I have never heard this from anyone, let alone someone who is Reformed. God is no respecter of persons, so anyone who is saved must attribute it to mere grace which does not discriminate on the basis of age, sex or any other aspect of life. Spiritual redemption finds the elect at the time and place that God has decreed it. (John 3:8)

_Canons of Dordrecht_, I:7



> This elect number, though by nature neither better nor more deserving than others, but with them involved in one common misery, God has decreed to give to Christ to be saved by Him, *and effectually to call and draw them to His communion by His Word and Spirit; to bestow upon them true faith, justification, and sanctification; and having powerfully preserved them in the fellowship of His Son*, finally to glorify them for the demonstration of His mercy, and for the praise of the riches of His glorious grace



Examples such as David, Jeremiah & John the Baptist indicate that salvation at any age is certainly possible for a sovereign God! (see Psalm 22:9-10; Jeremiah 1:5; Luke 1:44) 

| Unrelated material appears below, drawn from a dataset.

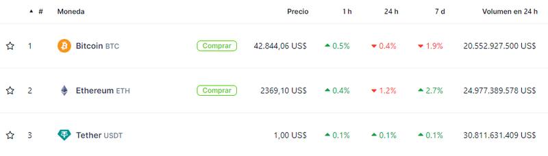 Ethereum (ETH), por su parte, marcó una caída del 0,4% en el último día. En tanto, la segunda criptomoneda más relevante del mercado pasó a cotizar u$s 2.369.
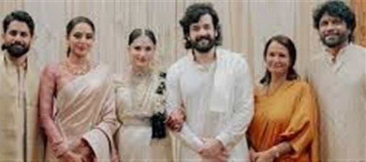 Tollywood celebrities participated in the wedding festivities at Akkineni's house. It is known that nagarjuna did not go and give wedding invitations to the Chief Ministers of telugu states. Many film celebrities participated in this grand wedding ceremony held at annapurna Studios. Not all the photos and videos related to the wedding have been officially released. Some photos say without saying what level the wedding was held. It seems that the couple of naga chaitanya and shobitha Dhulipala stood out as a special attraction in this wedding attended by many celebrities. Eyewitnesses say that these two stood in the place of brother and sister-in-law at Akhil's wedding.

And then note these wonderful words in 1 Kings 14:12-13 "When your feet enter the city, the child shall die. And all Israel shall mourn for him and bury him, for he is the only one of Jeroboam who shall come to the grave, _because in him there is found something good_ toward the LORD God of Israel in the house of Jeroboam”


----------



## cih1355 (Jul 1, 2008)

How does someone know for certain that he has been elected, predestined, or ordained to go to hell? In the future, God could grant him saving repentance and faith. I don't see how a person can be 100% sure that God will not save him in the future.


----------



## LadyFlynt (Jul 1, 2008)

Thank you all. I guess I did pretty well at giving an answer to the first and not too bad with the second. I just wanted to run it by here in case I was missing something or if there was something I should know about certain groups.

I don't know these people personally, just the one friend that is associated with them (one is her brother, one lives near her...both claim to be Reformed). She's knows I'm strongly Reformed and pops in once in awhile with a question that she wants a Reformed view on


----------